■ Exercise ■
Return all of the data verbatim, dropping any picture.

■ Provided data ■

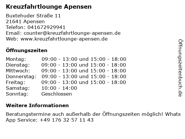 | Öffnungszeiten Kreuzfahrtlounge Apensen in Apensen anzeigen | |
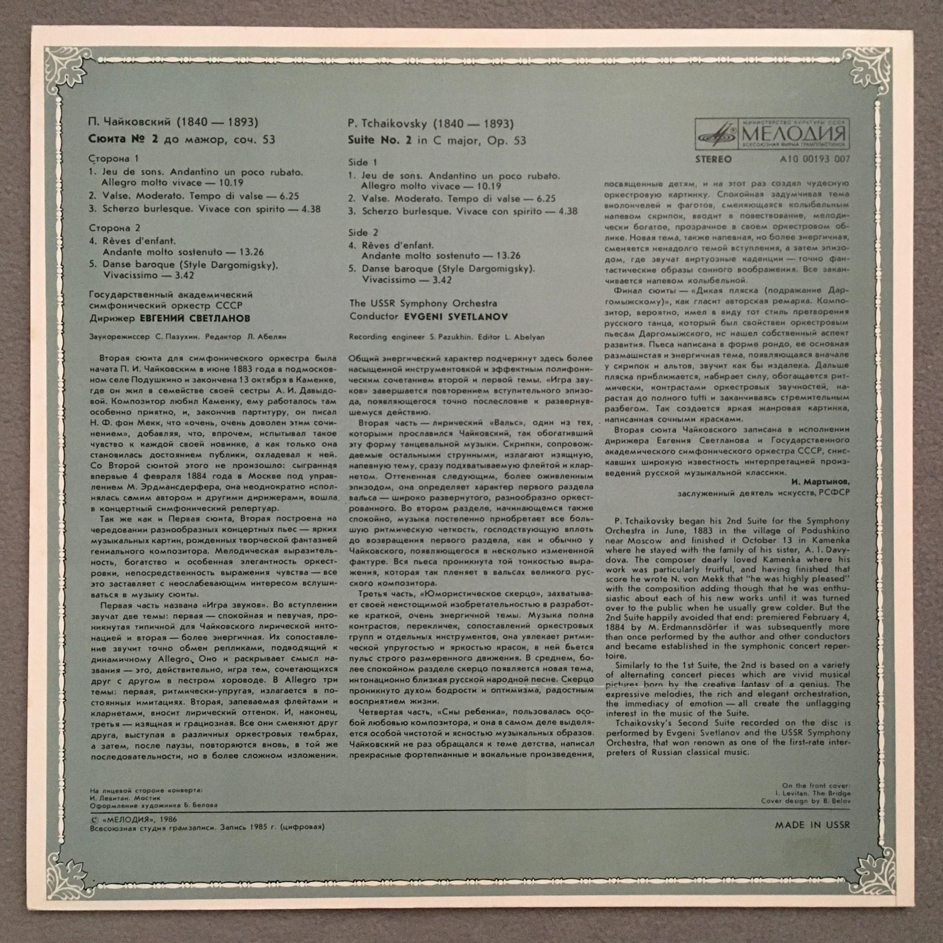 Q364 Tchaikovsky Suite No.2 Svetlanov Melodiya A10 00193 007 Stereo
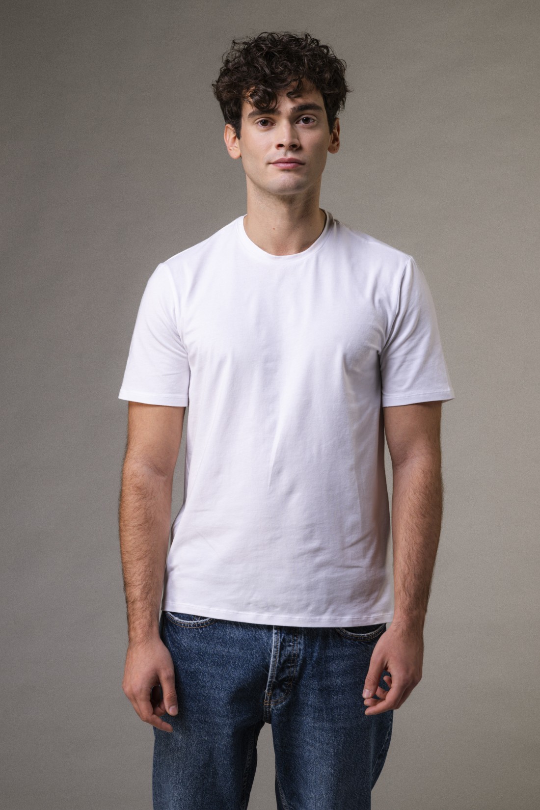 T-shirt basica girocollo con manica corta e vestibilità slim: un capo passepartout semplice e versatile. La composizione di cotone ed elastan la rende particolarmente leggera e morbida al tatto, perfetta per essere abbinata ad altri capi oppure indossata da sola per un look essenziale.

■ Task output ■
 | Öffnungszeiten Kreuzfahrtlounge Apensen in Apensen anzeigen | |
 Q364 Tchaikovsky Suite No.2 Svetlanov Melodiya A10 00193 007 Stereo
 T-shirt basica girocollo con manica corta e vestibilità slim: un capo passepartout semplice e versatile. La composizione di cotone ed elastan la rende particolarmente leggera e morbida al tatto, perfetta per essere abbinata ad altri capi oppure indossata da sola per un look essenziale.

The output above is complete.